[What is needed] Reproduce exactly the lines from the one containing "MATERIAIS: A linha" through the end of the entries, including both. Drop the pictures.

+++ Data for this exercise

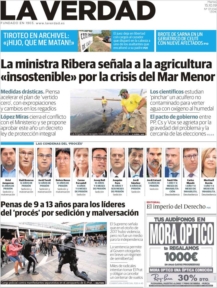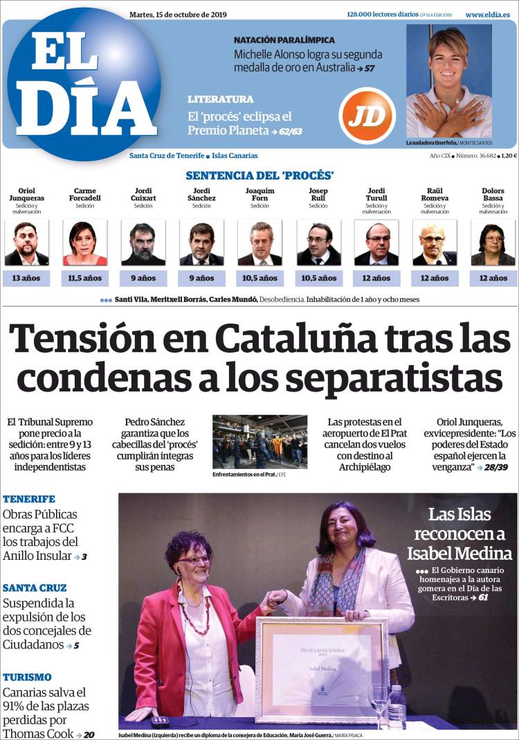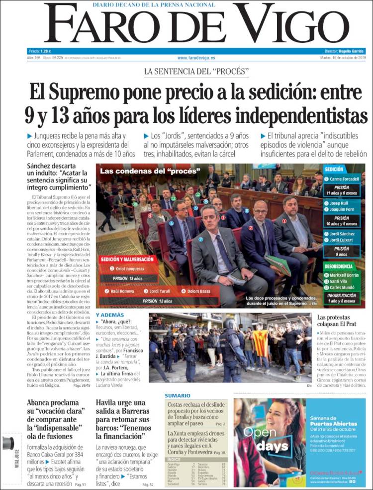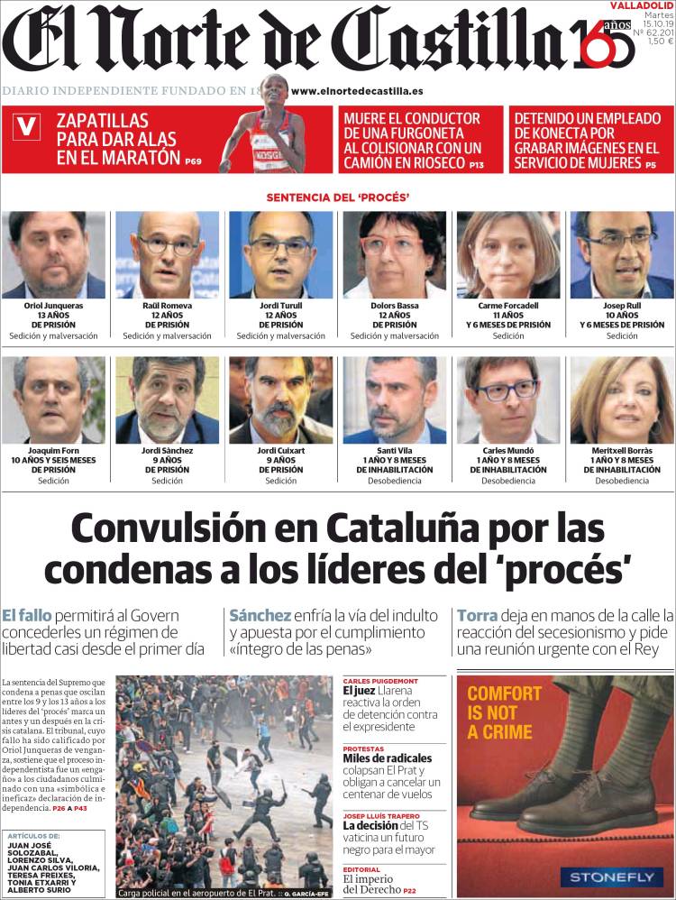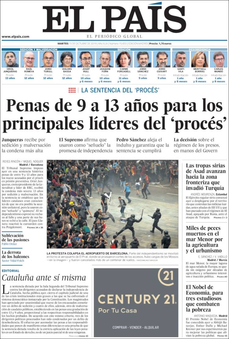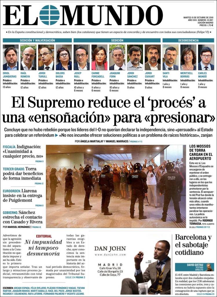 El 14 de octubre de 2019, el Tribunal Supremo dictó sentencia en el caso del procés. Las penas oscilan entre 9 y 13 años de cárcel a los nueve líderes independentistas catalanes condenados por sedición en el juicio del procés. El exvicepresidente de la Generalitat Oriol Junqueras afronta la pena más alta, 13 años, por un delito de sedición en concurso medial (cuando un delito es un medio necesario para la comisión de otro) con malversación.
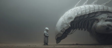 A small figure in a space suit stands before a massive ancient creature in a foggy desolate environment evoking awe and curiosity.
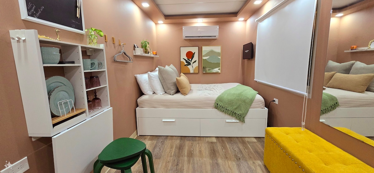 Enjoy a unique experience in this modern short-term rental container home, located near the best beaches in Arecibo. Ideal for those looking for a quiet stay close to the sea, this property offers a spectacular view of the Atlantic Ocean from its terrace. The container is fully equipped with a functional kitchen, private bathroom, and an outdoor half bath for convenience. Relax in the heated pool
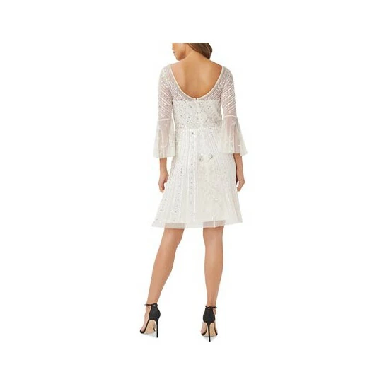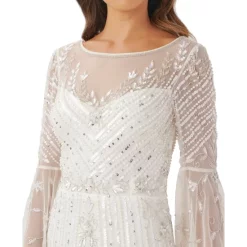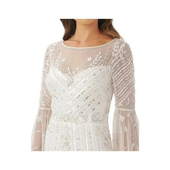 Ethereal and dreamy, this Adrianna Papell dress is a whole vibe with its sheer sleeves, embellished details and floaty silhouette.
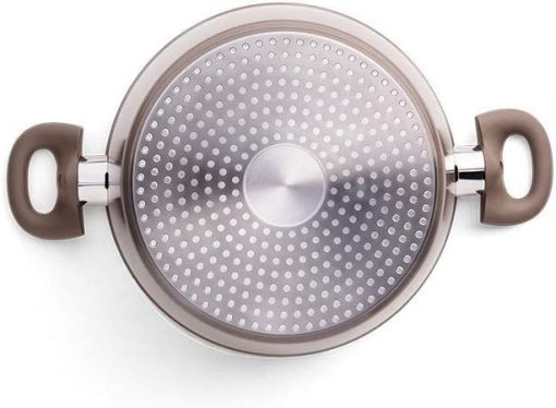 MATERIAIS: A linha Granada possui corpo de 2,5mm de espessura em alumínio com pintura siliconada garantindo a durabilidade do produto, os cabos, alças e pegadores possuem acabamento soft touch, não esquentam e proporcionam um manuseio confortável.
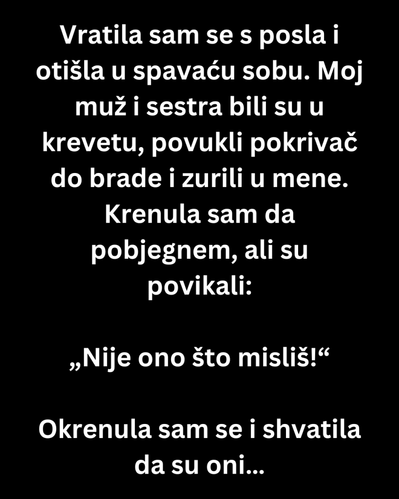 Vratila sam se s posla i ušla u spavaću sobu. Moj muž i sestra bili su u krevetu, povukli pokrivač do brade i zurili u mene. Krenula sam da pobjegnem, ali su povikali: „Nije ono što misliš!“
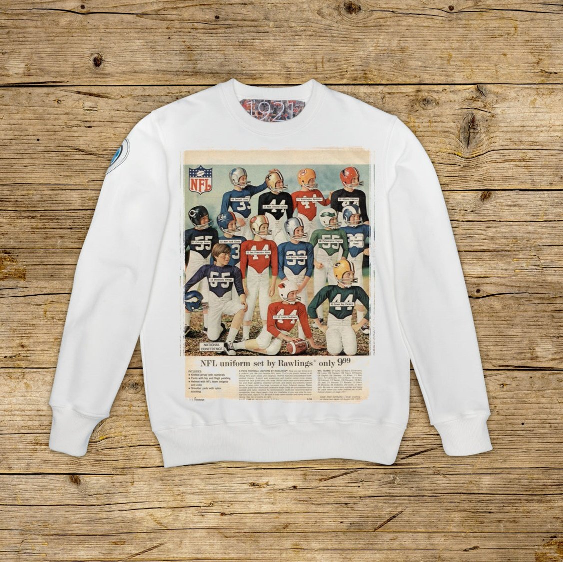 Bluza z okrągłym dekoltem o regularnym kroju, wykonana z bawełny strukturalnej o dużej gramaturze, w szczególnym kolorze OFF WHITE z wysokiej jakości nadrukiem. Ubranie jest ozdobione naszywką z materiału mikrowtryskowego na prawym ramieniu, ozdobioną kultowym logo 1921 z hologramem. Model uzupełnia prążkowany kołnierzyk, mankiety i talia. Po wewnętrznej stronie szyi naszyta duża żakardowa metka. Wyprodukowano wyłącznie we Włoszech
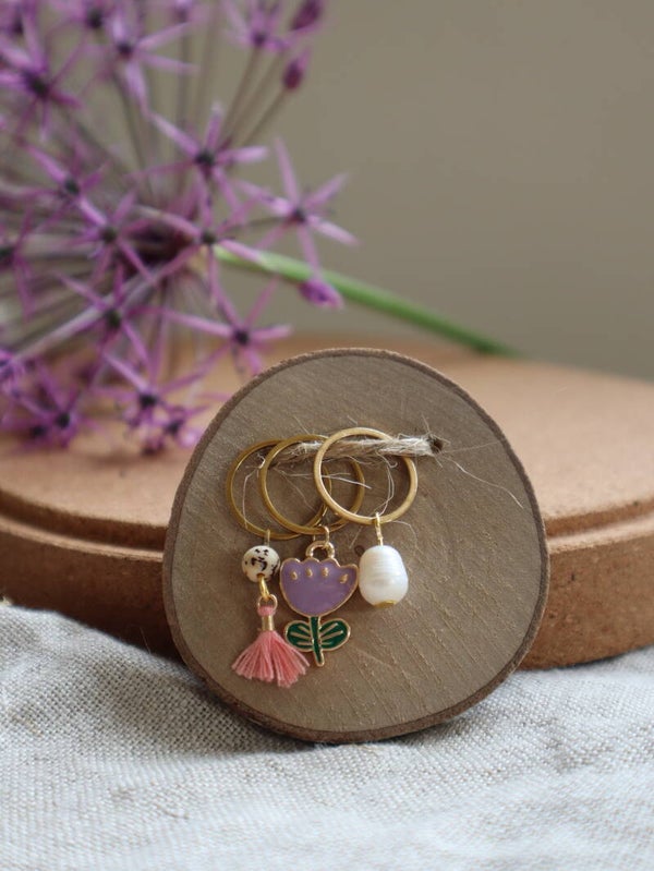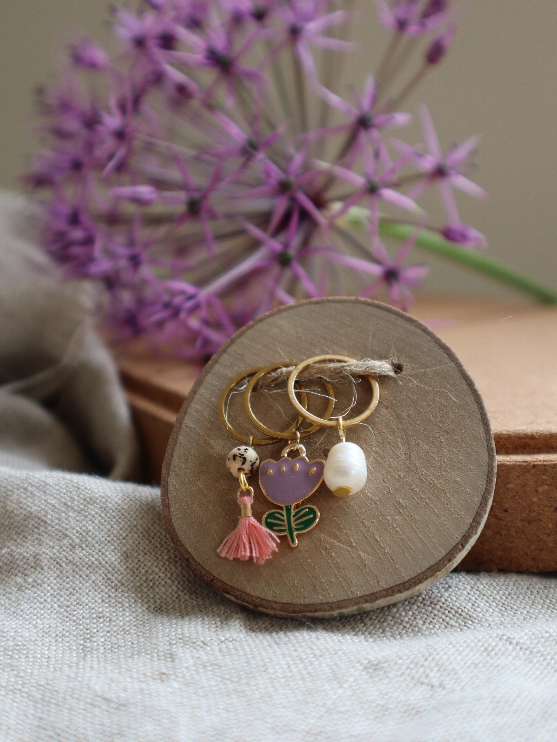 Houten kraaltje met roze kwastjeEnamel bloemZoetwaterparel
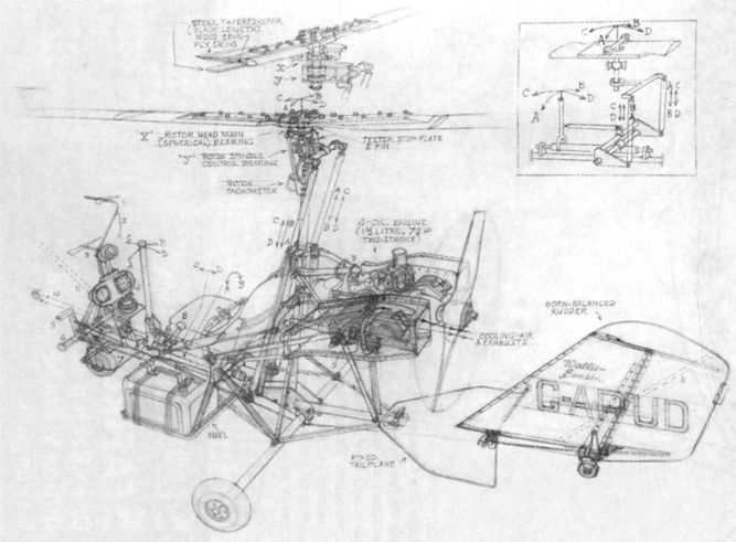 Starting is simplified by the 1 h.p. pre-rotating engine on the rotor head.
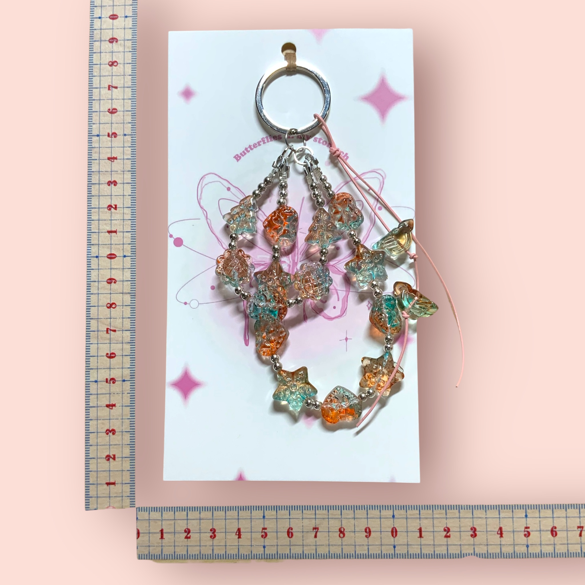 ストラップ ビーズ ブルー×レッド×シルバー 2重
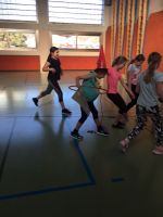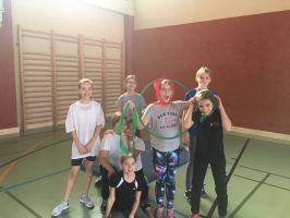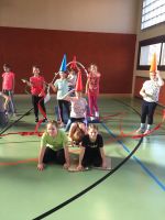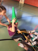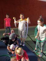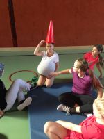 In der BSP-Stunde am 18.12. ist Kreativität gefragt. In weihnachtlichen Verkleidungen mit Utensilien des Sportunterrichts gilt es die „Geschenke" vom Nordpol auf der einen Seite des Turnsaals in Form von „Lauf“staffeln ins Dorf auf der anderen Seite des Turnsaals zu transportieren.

++++++

[Solution]
 MATERIAIS: A linha Granada possui corpo de 2,5mm de espessura em alumínio com pintura siliconada garantindo a durabilidade do produto, os cabos, alças e pegadores possuem acabamento soft touch, não esquentam e proporcionam um manuseio confortável.
 Vratila sam se s posla i ušla u spavaću sobu. Moj muž i sestra bili su u krevetu, povukli pokrivač do brade i zurili u mene. Krenula sam da pobjegnem, ali su povikali: „Nije ono što misliš!“
 Bluza z okrągłym dekoltem o regularnym kroju, wykonana z bawełny strukturalnej o dużej gramaturze, w szczególnym kolorze OFF WHITE z wysokiej jakości nadrukiem. Ubranie jest ozdobione naszywką z materiału mikrowtryskowego na prawym ramieniu, ozdobioną kultowym logo 1921 z hologramem. Model uzupełnia prążkowany kołnierzyk, mankiety i talia. Po wewnętrznej stronie szyi naszyta duża żakardowa metka. Wyprodukowano wyłącznie we Włoszech
 Houten kraaltje met roze kwastjeEnamel bloemZoetwaterparel
 Starting is simplified by the 1 h.p. pre-rotating engine on the rotor head.
 ストラップ ビーズ ブルー×レッド×シルバー 2重
 In der BSP-Stunde am 18.12. ist Kreativität gefragt. In weihnachtlichen Verkleidungen mit Utensilien des Sportunterrichts gilt es die „Geschenke" vom Nordpol auf der einen Seite des Turnsaals in Form von „Lauf“staffeln ins Dorf auf der anderen Seite des Turnsaals zu transportieren.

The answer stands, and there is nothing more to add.